The two women turned to look at Grandmother, then shut up. Grandmother had picked up her needles and was knitting head down, as if she wasn’t hearing a thing.

“Now’s not the time to talk about all this,” said Aunt Ció, seeming to want to put an end to the argument. “Quirze has got other things on his mind, and we can’t pile any more on him. It was as much he could do to go upstairs and put on a performance for the masters. And haven’t Mr. and Mrs. Manubens behaved considerately given the hue-and-cry we’ve had here… in all the time we’ve had the water up to our necks? Have they ever said anything or interfered with us, or asked whether we were on this side or that, or held against us what Lluís and Fonso got up to during the war?

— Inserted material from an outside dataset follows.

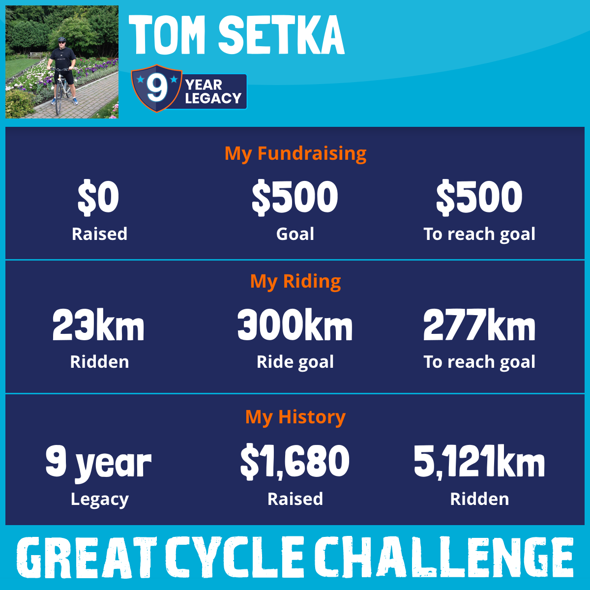 Once again this August, I’m taking part in the Great Cycle Challenge to fight kids' cancer! My goal is to pedal 300 kilometers throughout the month.
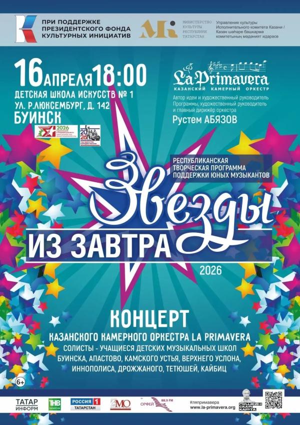 Когда: 18:00, 16.04.2026 Где: БДШИ N1. г. Буинск, ул.Р.Люксембург, д.142 До встречи на концерте!

And they weren’t exactly shrinking violets! Even though they, the masters, that is, were persecuted and forced to go into hiding, like so many in the war! Not a single word of recrimination! Not one word! They said nothing, even at the time!”

“Because they didn’t know what the score was here. If they’d have known, we’d soon have seen how they reacted…” started Aunt Enriqueta, but then she suddenly broke off. She gently leaned her body to one side, as if she wanted to grab a chair to sit on, and Ció, who was opposite her, with her back to the kitchen door, looked at her, speechless. Until, a moment later, she swung round and saw Uncle Quirze poised in the doorway, quiet and still as a mannequin, his face red and his eyes aflame.

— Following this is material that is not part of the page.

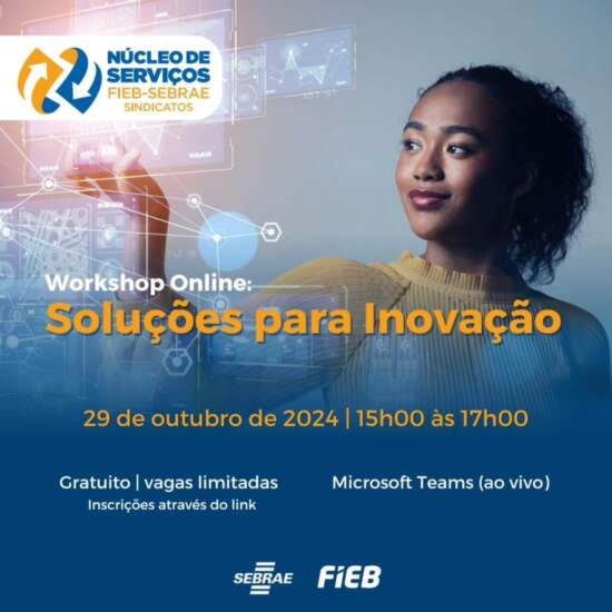 Nesta terça-feira (29), das 15h às 17h, empresários e gestores de indústrias poderão participar do workshop online “Soluções para Inovação”, uma iniciativa conjunta do Sebrae, Núcleo de Serviços da FIEB, Sindicatos, com apoio da FINEP, IEL, e SENAI Cimatec. O evento será transmitido pela plataforma Microsoft Teams e as inscrições são gratuitas, podendo ser realizadas pelo link.
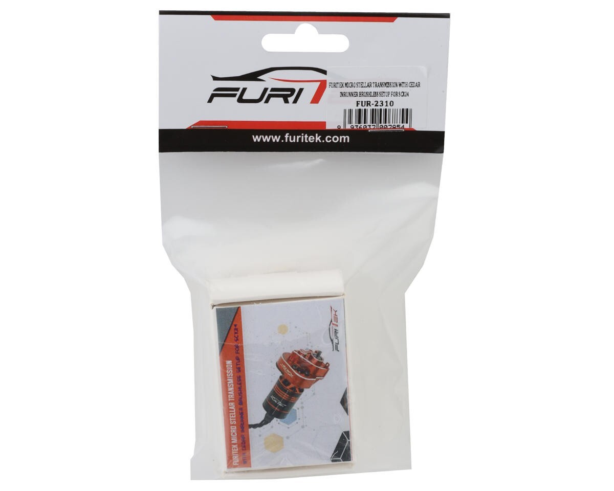 Furitek Axial SCX24 Micro Stellar Transmission With Cedar Brushless Inrunner Motor. Designed specifically for the SCX24, this combo features a stylish anodized with red and black aluminum case, precision machined steel gears and high quality ball bearings to ensure smooth operation! When it comes to the motor, the Furitek Inrunner CEDAR 1825 3456KV brushless motor incorporates the awesome reliability and amazing performance we all loved of the Outrunner motors but in the form of a sealed can version! making it dust and waterproof! you no longer have to worry about the outside of the motor needing clearance to spin anymore! Easy to be installed in any frame without worrying about touching wires or parts like the counterpart Outrunner motors! Get this transmission and motor combo and experience the amazing crawling performance and reliability of the Stellar and Cedar!

None of us budged and finally Uncle Quirze stepped forward, hands in pockets, staring at Aunt Enriqueta, who kept her head down and said nothing.

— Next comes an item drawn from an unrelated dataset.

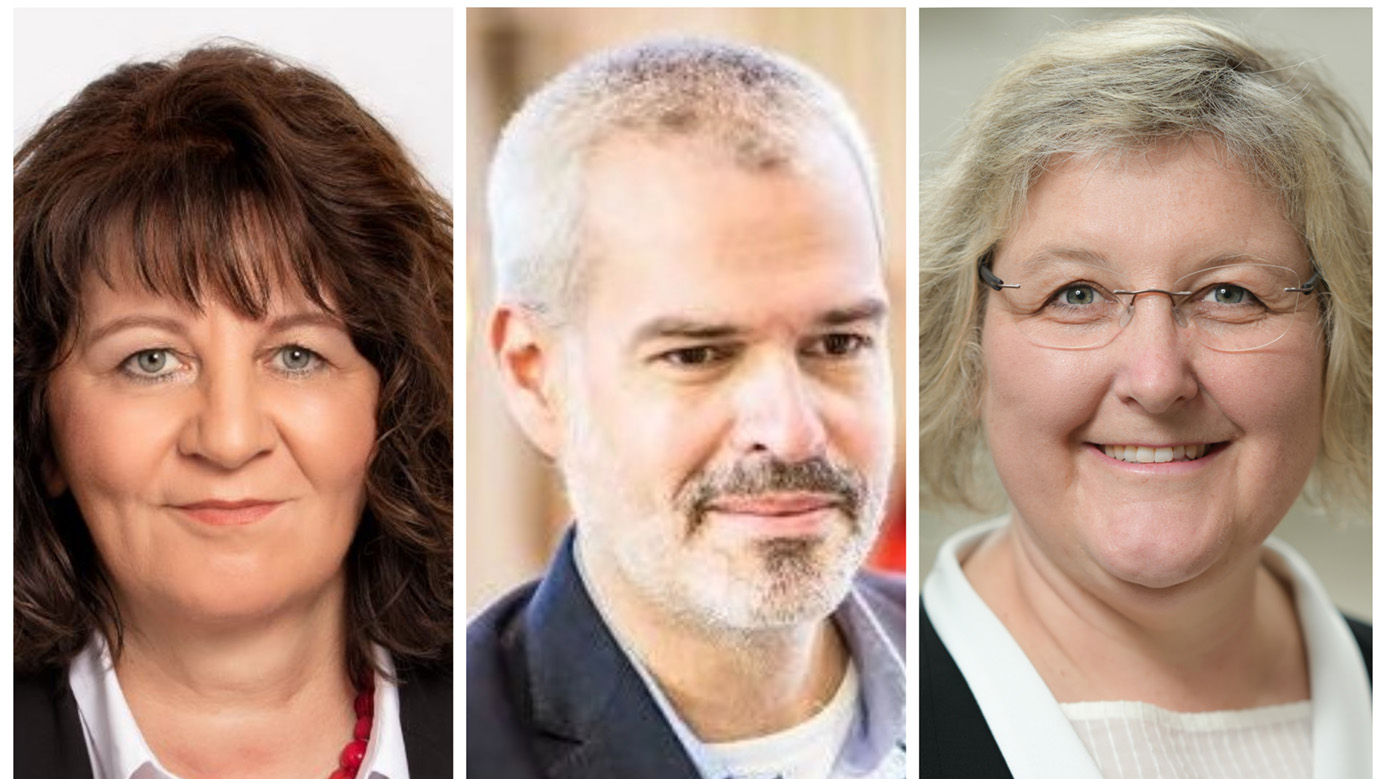Martina Stamm-Fibich, Heike Springhart und Marc Ziegenbein (v.li.) sind am in der Sendung am 25. Januar zu Gast.

“We were saying…” stammered Aunt Ció, apologetically, as if trying to draw a veil over the argument. “Enriqueta knew nothing about the boy’s schooling… she’s been away a few days keeping Florència company…”

But Dad Quirze wasn’t listening. Keeping his eyes on Aunt Enriqueta, he took two more steps forward, until he was standing next to his wife. Aunt Enriqueta looked up and now looked sadly at him, as if regretting everything she’d said, but then she stiffened her back and prepared to meet the onslaught. Keeping his hands firmly in his pockets, as calm as could be, in a determined, harsh voice, Uncle Quirze said: “So we should be off to live in the factory town, should we?”

Aunt Enriqueta said nothing, was deathly silent in the middle of the kitchen. Aunt Ció walked quickly over to where Grandmother, Cry-Baby and I were, as if she wanted to protect us: “Don’t react like a bull to a red rag. It was only her way of talking.”

But Uncle Quirze appeared to ignore her, as if he’d not heard what she’d said. He waited a moment and then launched into Aunt Enriqueta: “As far as I know, we chain nobody to this house, nobody is here under compulsion and if someone reckons they’ll be treated better somewhere else, the doors are open and they can clear off when they want to run, no need to wait a minute longer, nobody will stand in their way.